#### [What you should do]
If the records below hold pictures, omit them, and print exactly the lines from the first line through the line containing "Ralph Lauren Glass", inclusive.
─── Given records
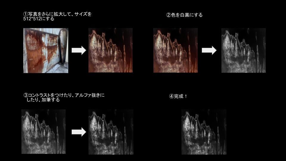 錆の部分をもとに、このようなテクスチャを作成しました!
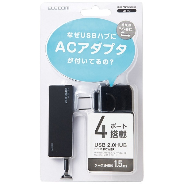 | 商品名 | USB2.0ハブ ACアダプター付〔4ポート・セルフ&バスパワー・Mac/Win〕ブラック U2H-AN4SBK |
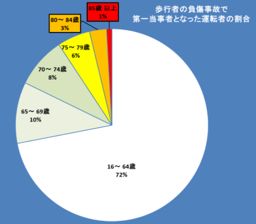 事故件数の72%は64歳以下の運転者で占められ、75歳以上の高齢運転者は10%である。80歳以上では4%。
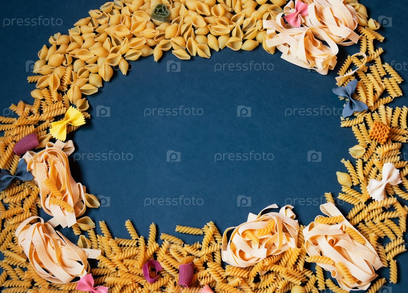 Рамка из различных видов сырой пасты на темном фоне
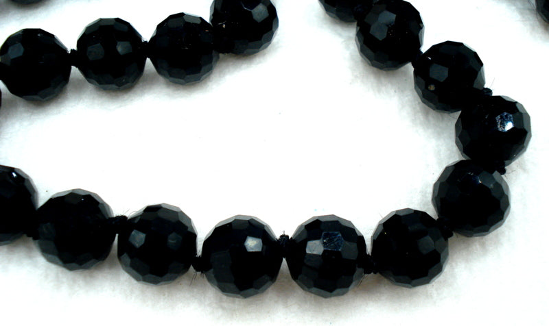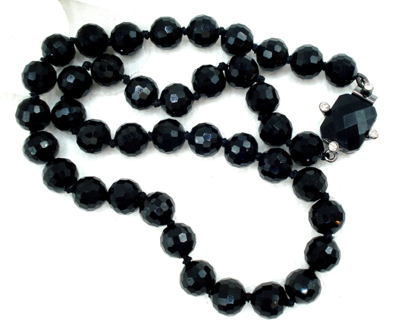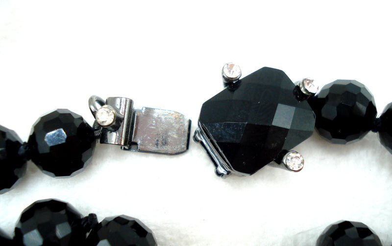 ~RLL Ralph Lauren Glass Black Bead Necklace 3/8" Knotted, Gunmetal Box Clasp with Crystal Rhinestone Accents.   17"
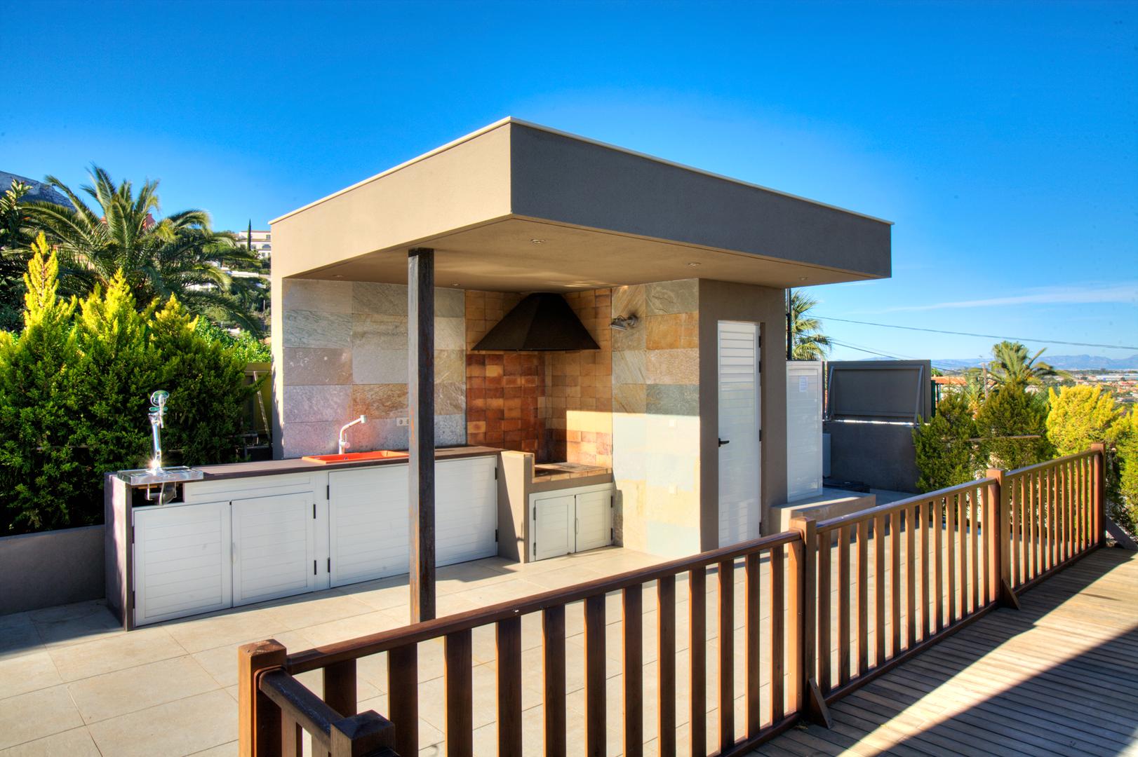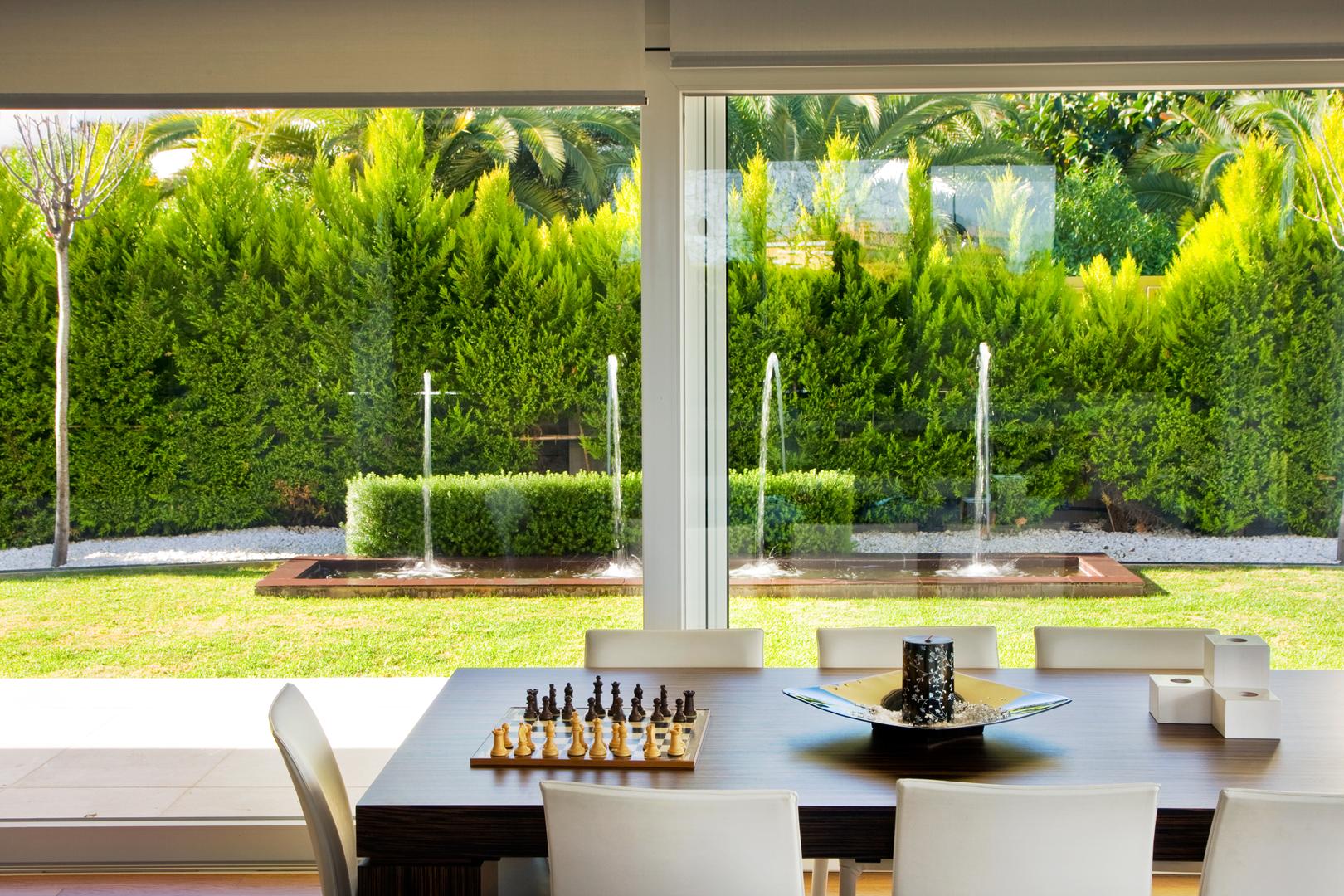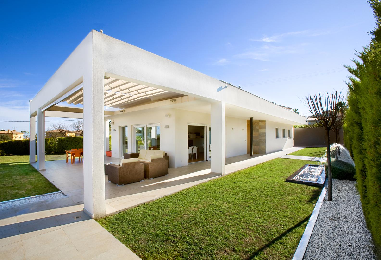 Esta villa de diseño actual, ubicada en una amplia parcela en las faldas del Montgó, Dénia, fue concebida con el objetivo de ofrecer todas las comodidades en una sola planta. La forma alargada de la vivienda y la disposición horizontal de las habitaciones principales fueron dictadas tanto por la geometría singular de la parcela como por los requisitos de accesibilidad del cliente.
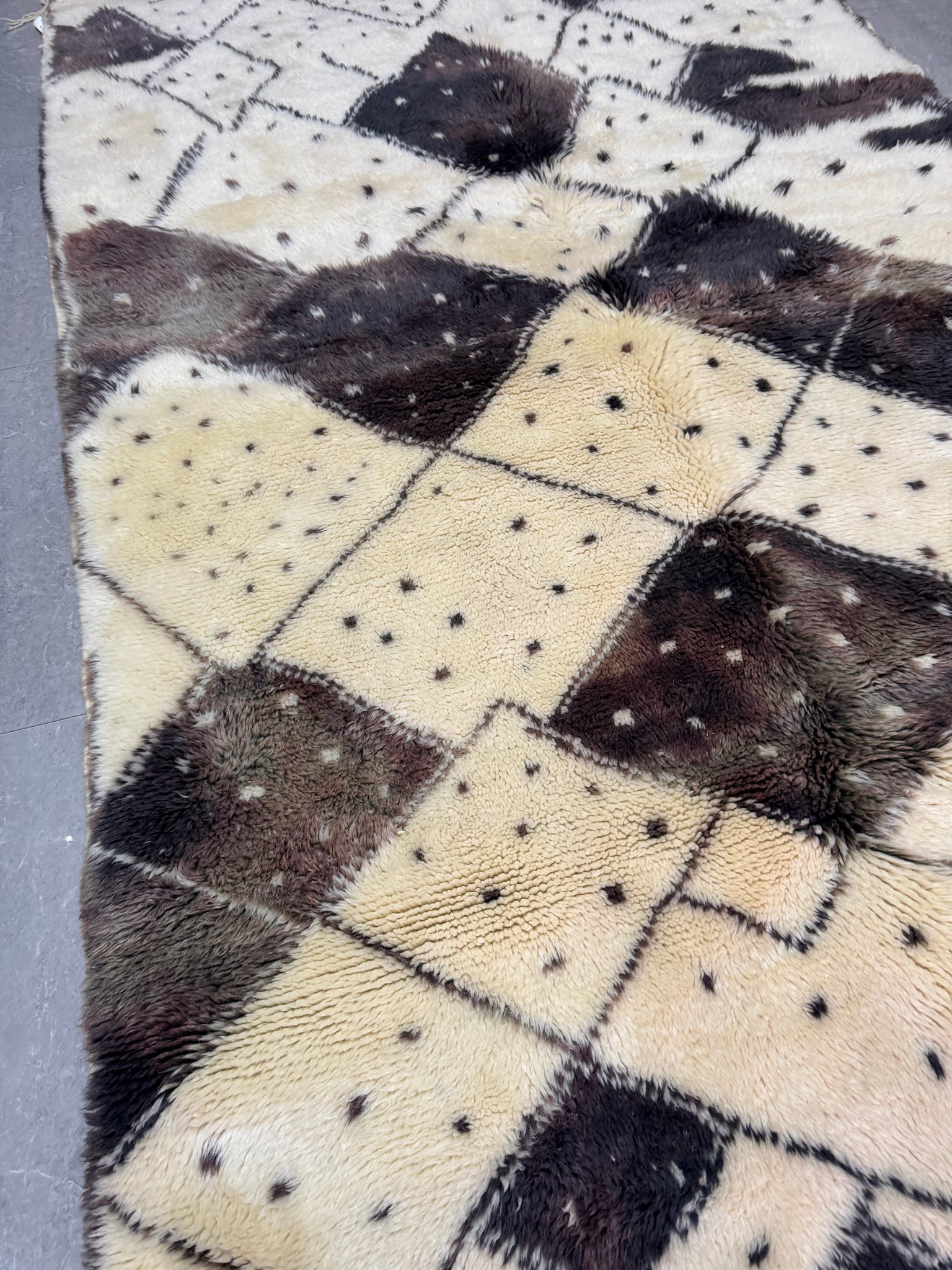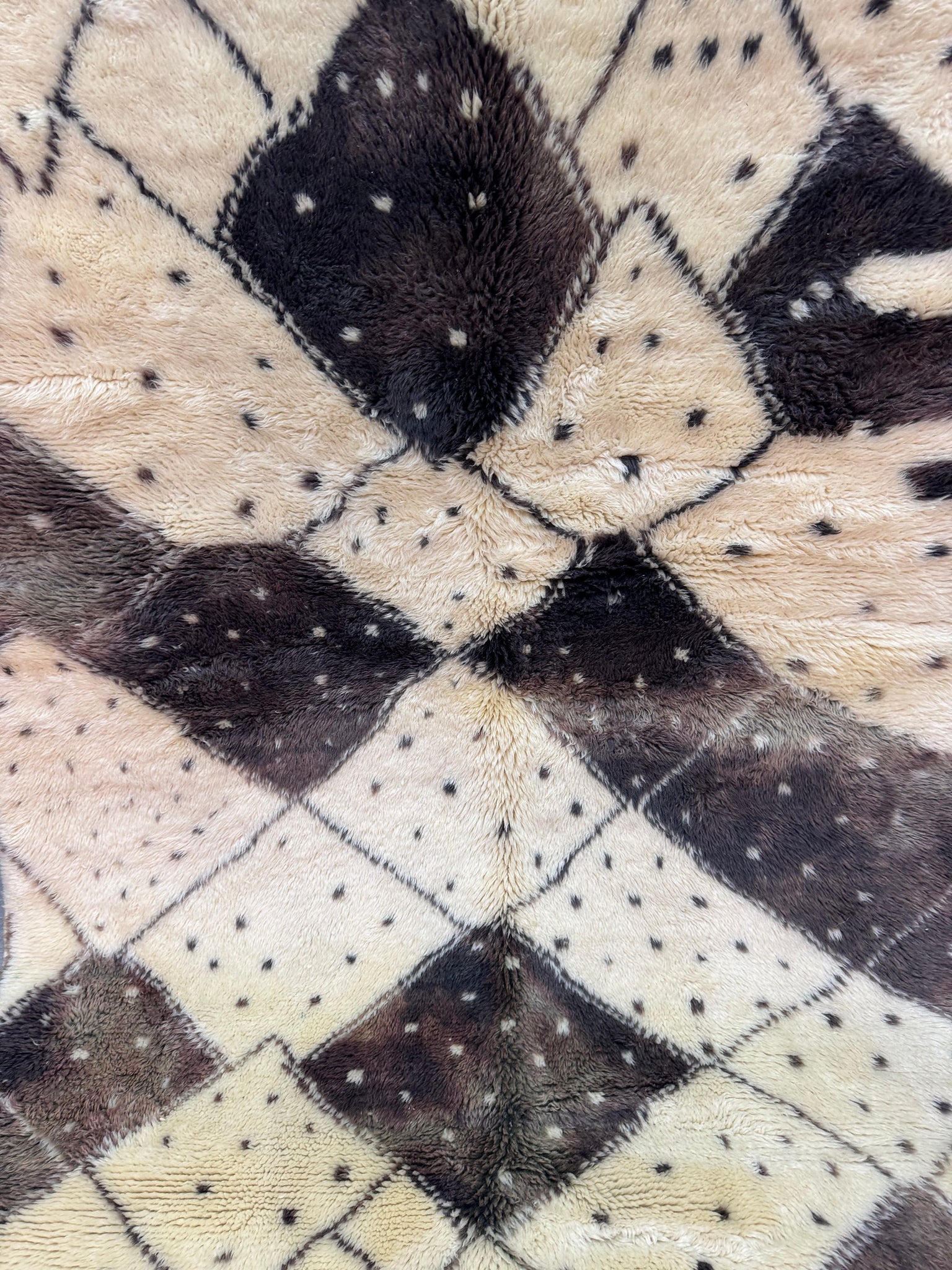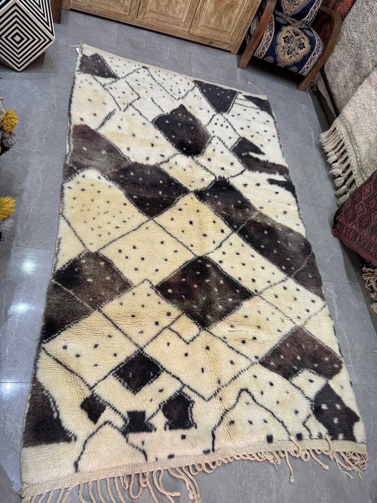 Modern Beni OURAIN rug, hand knotted by talented Berber dexterous weavers and professionally washed in Khenifra City. 100% premium wool and all natural organic ingredients are used to ensure pliability, a plush feel and exceptionally soft texture of these beautiful rugs.
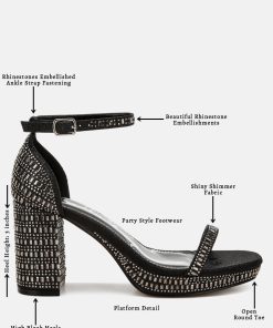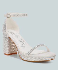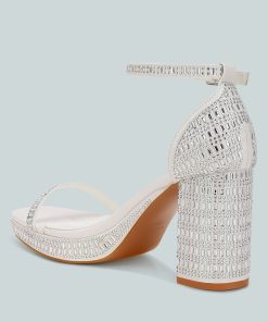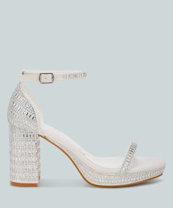 Women’s Shoes London Rag Ronan Rhinestones Embellished Block Sandals | White
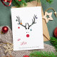 Une image abstraite moderne, drôle et mignonne, d'une tête de renne avec un nez rouge. Avec des ornements de Noël, des billes accrochées aux bois. Arrière - plan blanc, Couleurs : blanc, rouge, gris, bleu, vert. Lettres rouges et texte : Avec amour. Customisez et ajoutez votre nom de famille. Retour : arbres de Noël noirs et blancs.
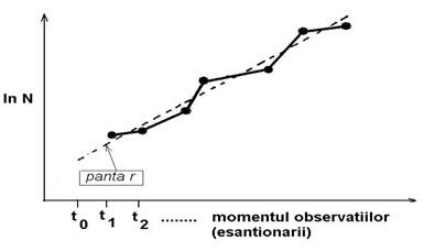 Fig. 5-27. Determinarea directa a ratei de crestere r (panta unei drepte) dupa liniarizarea functiei exponentiale de crestere (dupa Frontier si Pichod-Vial 1998).
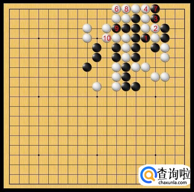 白棋没得选择,直接在白8处粘上,白8的粘上使得白棋能够成功的连接到中边。如图所示。
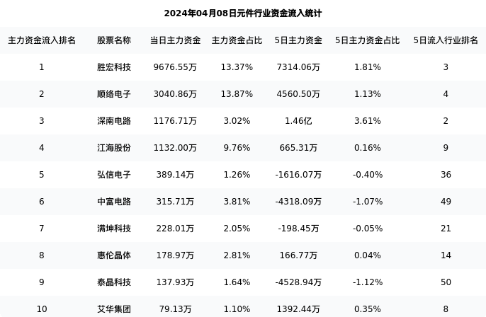 从主力资金流向来看,元件行业今日主力资金流入23.80亿元,在所有申万二级行业中排名:46/131。
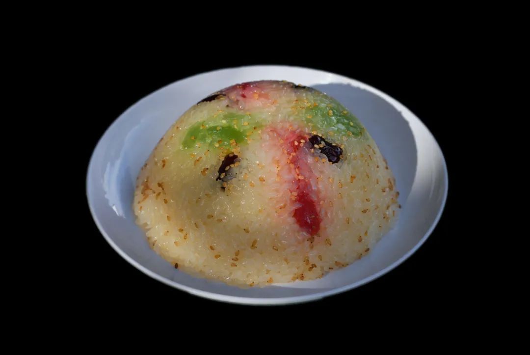 八宝饭由糯米、豆沙、红枣、莲子等多种食材蒸制而成,口感软糯香甜,寓意吉祥如意、团圆美满。
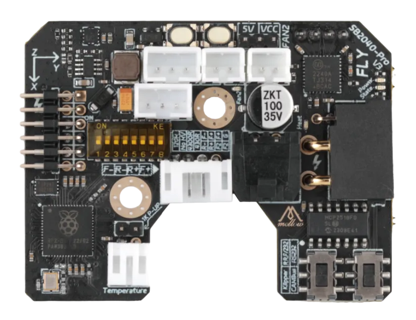 FLY SB2040 PRO V3 est une carte d'outils lancée par Guangzhou Mellow Electronic Technology Co., Ltd. pour la tête d'impression VORON Stealthburber. En utilisant cette carte, vous pouvez remplacer les câblages complexes entre la carte mère et la tête d'impression par seulement quatre fils, optimisant ainsi la disposition. Le SB2040 convient pour les têtes d'impression stealthburner et afterburner, il intègre un transceiver CAN, un transceiver RS232, un port USB, un driver TMC2240, un capteur d'accélération LIS2DW, et trois ventilateurs contrôlables, entre autres fonctionnalités. Cette carte d'outils est compatible avec les firmwares Klipper et RRF.
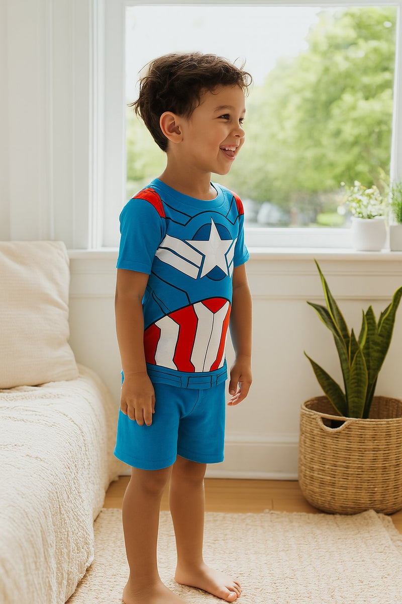 Centric Brands Marvel Captain America Boys' 4-Piece Pajama Set, 100% Cotton, Avengers Sleepwear, Sizes 4-10
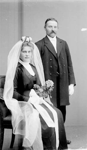 Ett brudpar. Bruden sitter på en stol och brudgummen står på hennes vänstra sida.
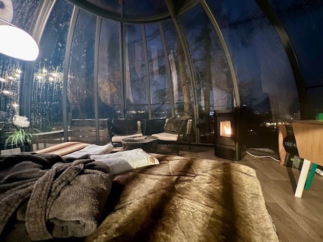 Roulotte Cocoon vue magique avec bain nordique
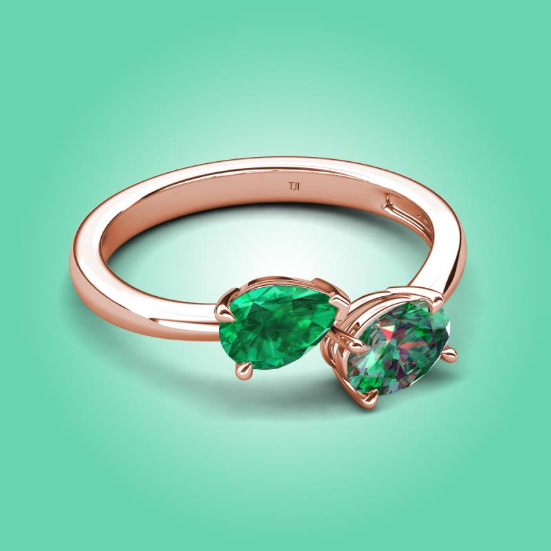1.96 ctw Emerald Pear Shape 7x5 mm & Lab Created Alexandrite Oval Shape 7x5 mm with Prong setting Two Stone Duo Women Engagement Ring in 18K Rose Gold More Details ...
──────
#### [Output for this exercise]
 錆の部分をもとに、このようなテクスチャを作成しました!
 | 商品名 | USB2.0ハブ ACアダプター付〔4ポート・セルフ&バスパワー・Mac/Win〕ブラック U2H-AN4SBK |
 事故件数の72%は64歳以下の運転者で占められ、75歳以上の高齢運転者は10%である。80歳以上では4%。
 Рамка из различных видов сырой пасты на темном фоне
 ~RLL Ralph Lauren Glass Black Bead Necklace 3/8" Knotted, Gunmetal Box Clasp with Crystal Rhinestone Accents.   17"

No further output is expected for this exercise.